DATA FOR THIS TASK Start Marker
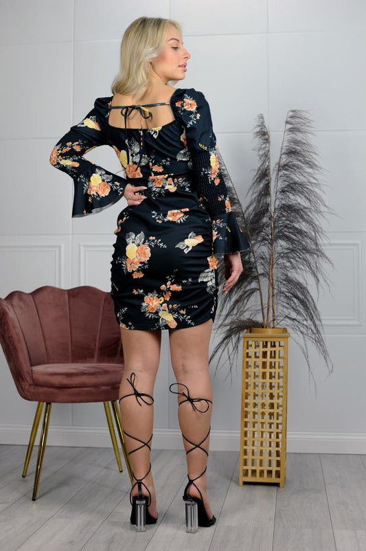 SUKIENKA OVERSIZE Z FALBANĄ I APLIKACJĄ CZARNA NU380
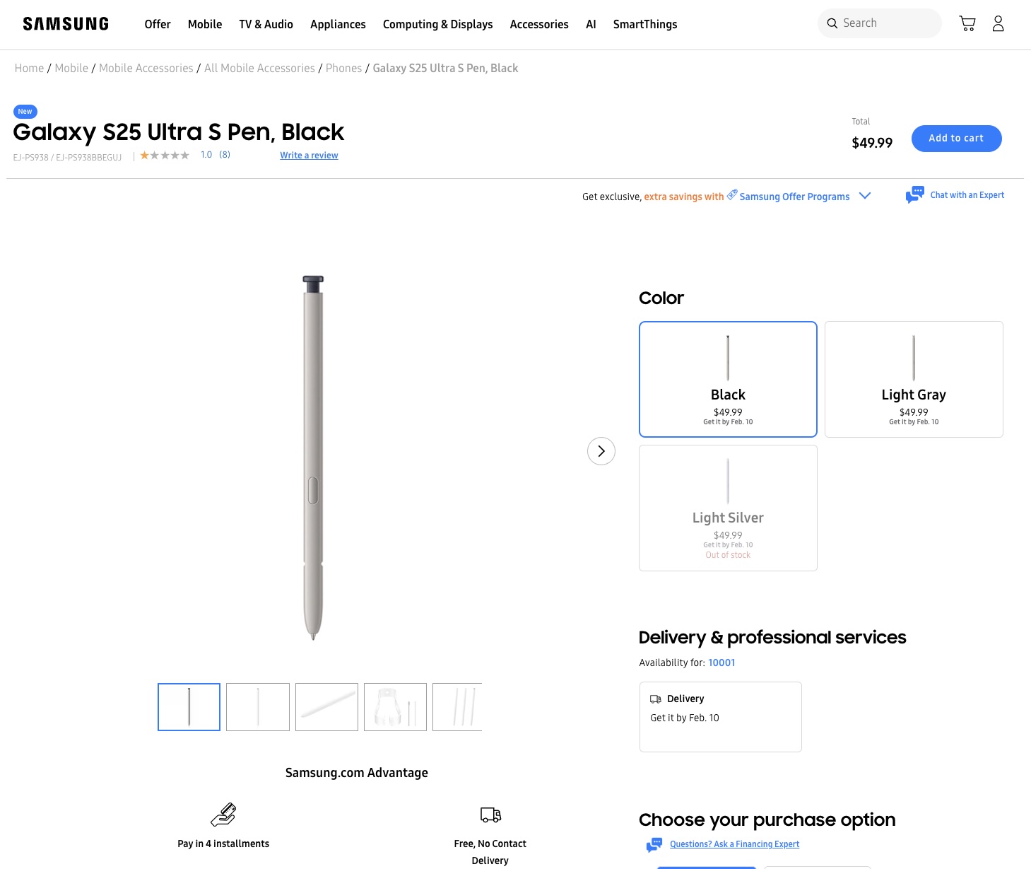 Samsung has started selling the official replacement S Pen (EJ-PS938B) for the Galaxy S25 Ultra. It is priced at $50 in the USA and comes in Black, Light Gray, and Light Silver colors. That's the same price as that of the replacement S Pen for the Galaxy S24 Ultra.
DATA FOR THIS TASK End Marker
DATA FOR THIS TASK Start Marker
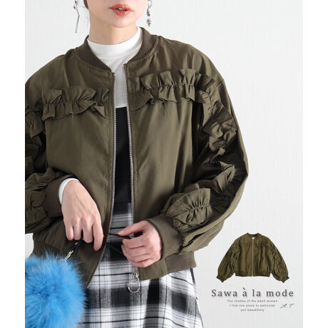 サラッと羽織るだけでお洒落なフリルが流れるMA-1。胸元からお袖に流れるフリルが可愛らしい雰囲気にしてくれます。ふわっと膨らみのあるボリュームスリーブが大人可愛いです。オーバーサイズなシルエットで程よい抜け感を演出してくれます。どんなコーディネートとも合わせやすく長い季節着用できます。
DATA FOR THIS TASK End Marker
Beginning at the line above that contains "SUKIENKA OVERSIZE Z", repeat each line exactly through the one that contains "Samsung has started", and leave out the pictures.

 SUKIENKA OVERSIZE Z FALBANĄ I APLIKACJĄ CZARNA NU380
 Samsung has started selling the official replacement S Pen (EJ-PS938B) for the Galaxy S25 Ultra. It is priced at $50 in the USA and comes in Black, Light Gray, and Light Silver colors. That's the same price as that of the replacement S Pen for the Galaxy S24 Ultra.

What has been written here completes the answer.